Ten dos and don’ts before, du**ng, and after Covid-19 vaccine s**t

Thursday, April 1st, 2021 00:00 | By
A medic holds a vaccine. Photo/COURTESY

As coronavirus vaccines continue to  be rolled out, questions still linger on how people should handle themselves and what they should be concerned about before and once they get the jab. Here’s what you need to know, writes Ann Wairimu.

Be cleared 

In case a person has allergies to medication, or drugs, it is important to get an all-clear from a medical practitioner.

A complete blood count (CBC), C-reactive protein (CRP), or Immunoglobulin-E (IgE) levels can be checked under medical advice.

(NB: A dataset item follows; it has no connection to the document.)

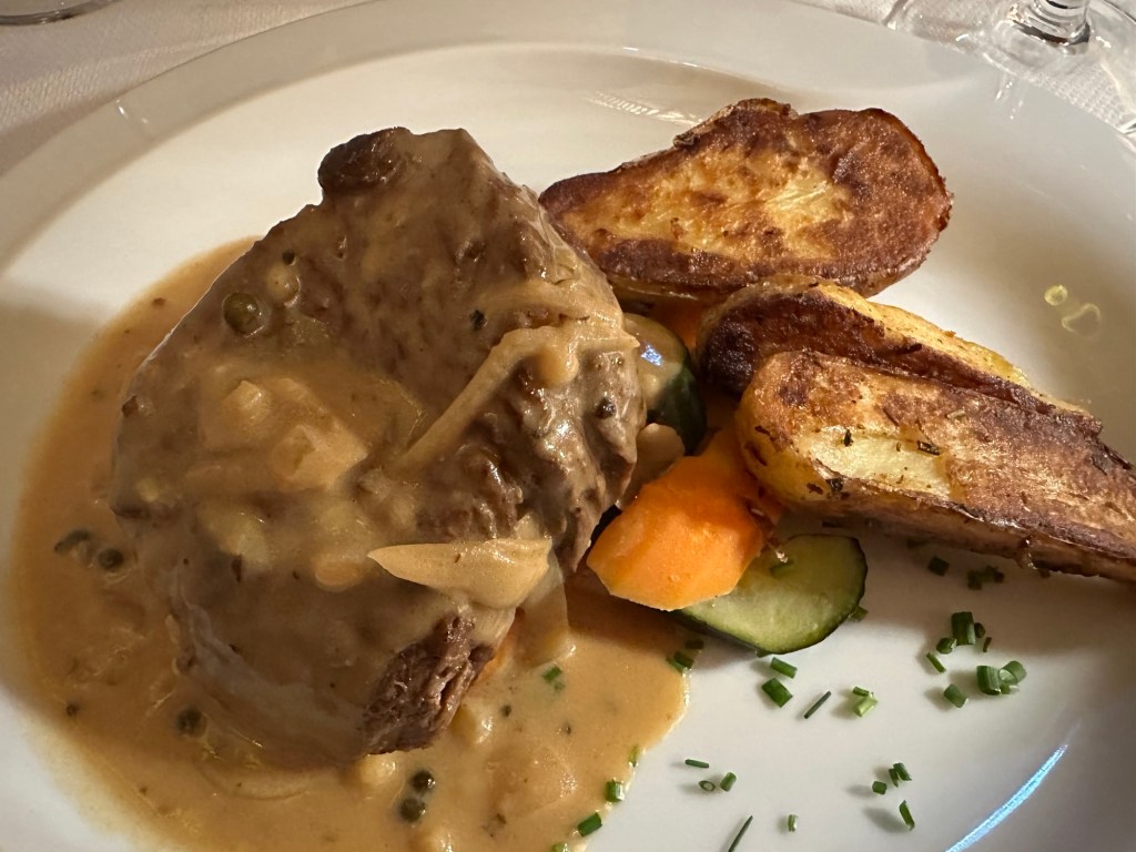Au Carnivore is situated on Rue de l’Hôtel de Ville. If looks small from the outside but is quite deceptive as it’s on more than one floor. There used to be also an outdoor area dining some steps. We chose to eat inside due to the inclement weather. The restaurant is typically French decor and had exactly what we wanted in the menu: fillet steak. We chose a local merlot to go with our steak so it was all perfect. We also had dessert (crème brûlée) which was delicious too.

Let doctors know if you previously had Covid-19. If you were given monoclonal antibodies or convalescent plasma while sick with Covid-19, you should wait 90 days after treatment before getting the vaccine.

Don’t go on an empty stomach

There’s no need to fast the night before the Covid-19 vaccine like you might for other procedures.

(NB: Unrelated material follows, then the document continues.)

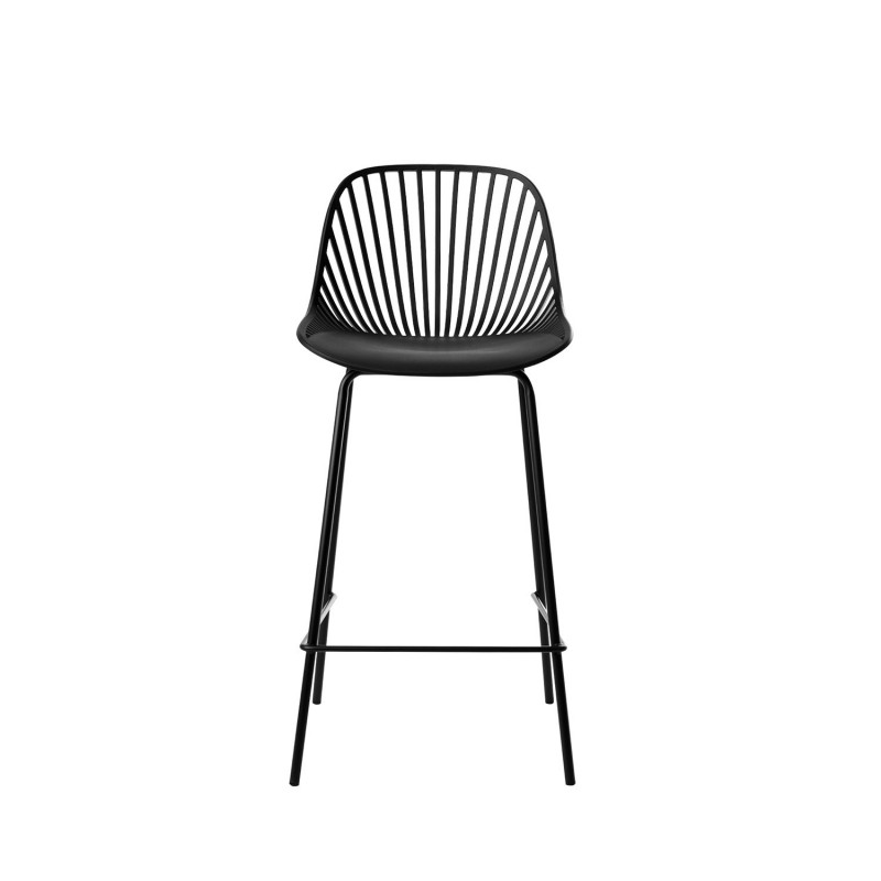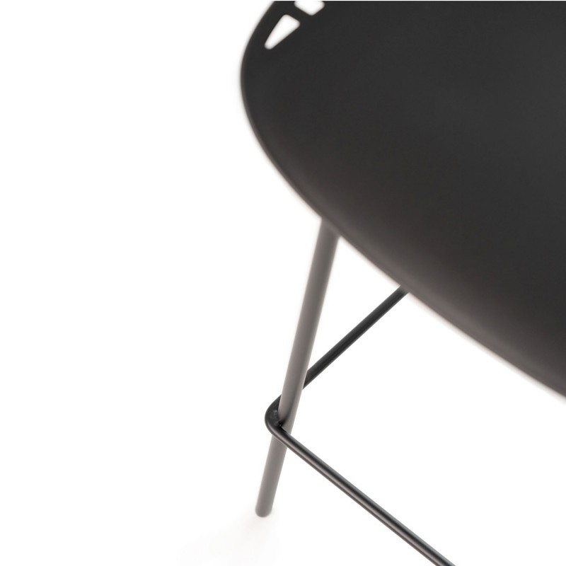 O banco baixo PEYTON destaca-se pelo seu design original, com um encosto aberto composto por pequenas barras verticais e um assento de polipropileno na cor preta, tudo em uma única peça.As suas pernas, de metal lacado em mate, incluem um apoio para os pés que proporciona maior estabilidade e conforto.Este banco é perfeito para qualquer ambiente, graças ao seu estilo moderno e versátil.

This could make you dizzy and more likely to faint if you are someone who gets queasy around needles.

After the vaccine, you may have side effects such as arm pain, fever, or body aches. This, according to experts means your immune system is working.

Get a good night sleep

Get a good night of sleep the night before your shot. This is critical and probably more important than anything consumed that morning.

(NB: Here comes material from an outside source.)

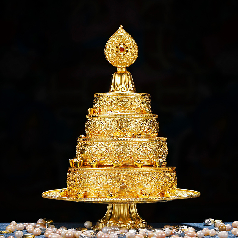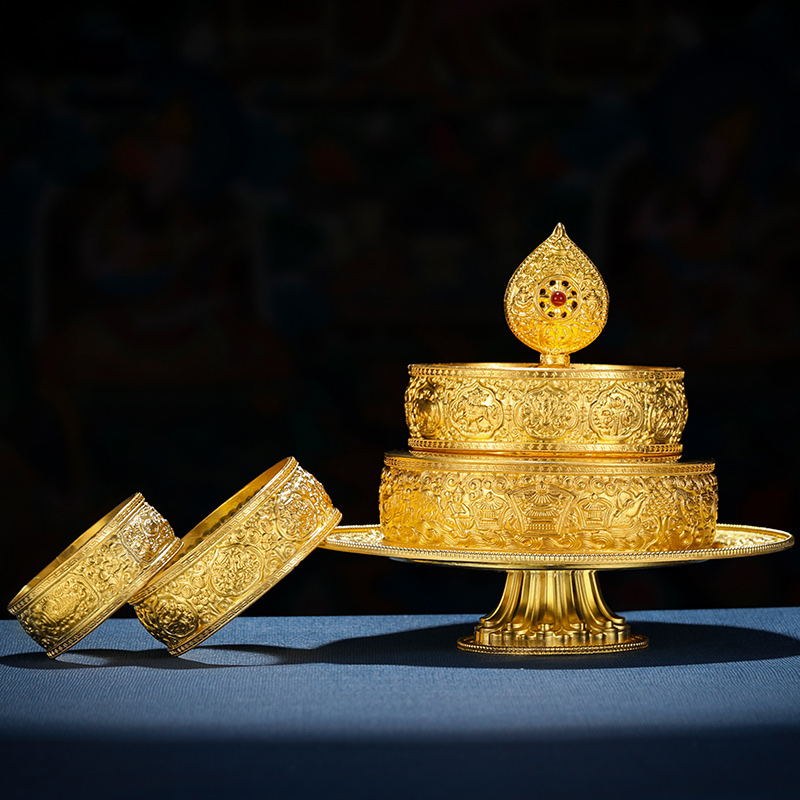 999 Sterling Silver Manza Plate Sterling Silver Gilt Gilt Mancha Luo repair plate Complete set with tray Eight Treasures free Gemstone small

One bad night’s sleep can diminish immune function by as much as 70 per cent.

Your body uses sleep to rebuild its defenses, and chronic sleep deprivation actually depresses your immune system.

Wait the appropriate time after vaccination

In order to monitor severe allergic reactions, health experts advise that everyone wait 15 minutes after their shot before they move from the vaccination site.

What clinics do is monitor you for 15 minutes after you get the vaccine. If you have a more severe allergic reaction, then it’s recommended you wait for 30 minutes.

Typically, within six to eight hours you might start feeling local mild side-effects, like an arm pain, a little bit of swelling, fatigue — most of those side-effects are short-lived. They go away within 24-48 hours.”

Stay hydrated

Water is not only important for everyday health, but it can help manage or even prevent any vaccine discomfort.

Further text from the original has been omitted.